Atlantique, latitude 41° (A Night to remember) – de Roy Ward Baker – 1958
Le film de référence sur le naufrage du Titanic, quarante ans avant celui de Cameron, qui s’en inspirera d’ailleurs beaucoup, jusqu’à reprendre une poignée de séquences comme la soirée de danses improvisées dans les dortoirs des troisièmes classes, ou ce vieux couple qui décide de mourir ensemble. Cameron citera même Atlantique, latitude 41° en copiant au moins un plan à l’identique : ce petit travelling vers les deux vigies qui voient l’iceberg se rapprocher, trop tard pour réagir…
Le film de Roy Ward Baker impressionne à la fois par une précision presque clinique dans sa narration, et par le flegme absolu de ses personnages, véritable ode énamourée à la fameuse dignité british. Contrairement au triomphe futur de Cameron, le film est ainsi remarquablement dénué de surdramatisation, à de très rares exceptions près autour de l’instant ultime du naufrage, comme si le réalisateur et son scénariste n’avaient alors plus suffisamment foi en la seule force des images.
Le film tire sa force de ce flegme à toute épreuve, de cette approche qui mine de rien place tous les personnages sur un même plan. Braves ou couards, dignes ou pathétiques, tous sont des victimes sur lesquelles, quelles que soient leurs actions, la caméra de Baker ne porte jamais le moindre jugement. Cameron n’aura pas la même empathie absolue.
L’empathie n’empêche d’ailleurs pas la conscience : celle de l’inégalité de cette vieille Angleterre qui sauve ses puissants avec élégance tout en parquant les troisièmes classes dans le ventre du bateau sur le point d’être englouti par les flots. Un thème bien présent, même si jamais surinterprété, toujours en filigrane.

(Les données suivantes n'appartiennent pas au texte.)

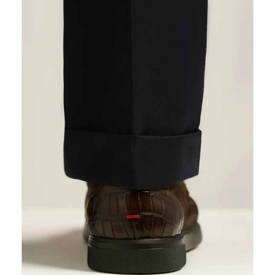 De Kiton Penny Loafer combineert fluweelzacht suède kalfsleer met inzetten van krokodillenleer om een verfijnd, gestructureerd silhouet te creëren. De rubberen zool voegt alledaagse veelzijdigheid toe met behoud van de geklede uitstraling van de loafers. Belangrijkste kenmerken: Donkerbruin | Koffie | Suède kalfsleer | rubberen zool | Rubberen zool voor veelzijdige slijtage en grip | Taps toelopend silhouet | Penny loafer band | Inzetten van krokodillenleer | Contrasterende suède en krokodillen structuren | Samenstelling & onderhoud: Voering: 100% kalfsleer | Bovenkant: 100% kalfsleer; inzetten van krokodillenleer 100% krokodil | Zool: 100% EVAC (synthetisch) | Binnenzool: 100% kalfsleer; 100% elastodiene | Vermijd langdurige blootstelling aan licht, hitte en vochtigheid. Vermijd contact met water, oliën, parfums en oplosmiddelen. Bewaar en reinig indien nodig door een leerspecialist.

Le film n’a pas cette construction si typique de film catastrophe (que Cameron adoptera, lui), avec cette longue première partie qui permet de mieux connaître les personnages et de renforcer les drames personnels. Pas de ça ici : c’est dans le drame que les personnages révèlent leurs personnalités. Le drame n’en est pas moins fort. Et même si la grandiloquence du discours final vient un peu plomber cette émotion, le film reste une référence, pour sa précision et sa construction, remarquable.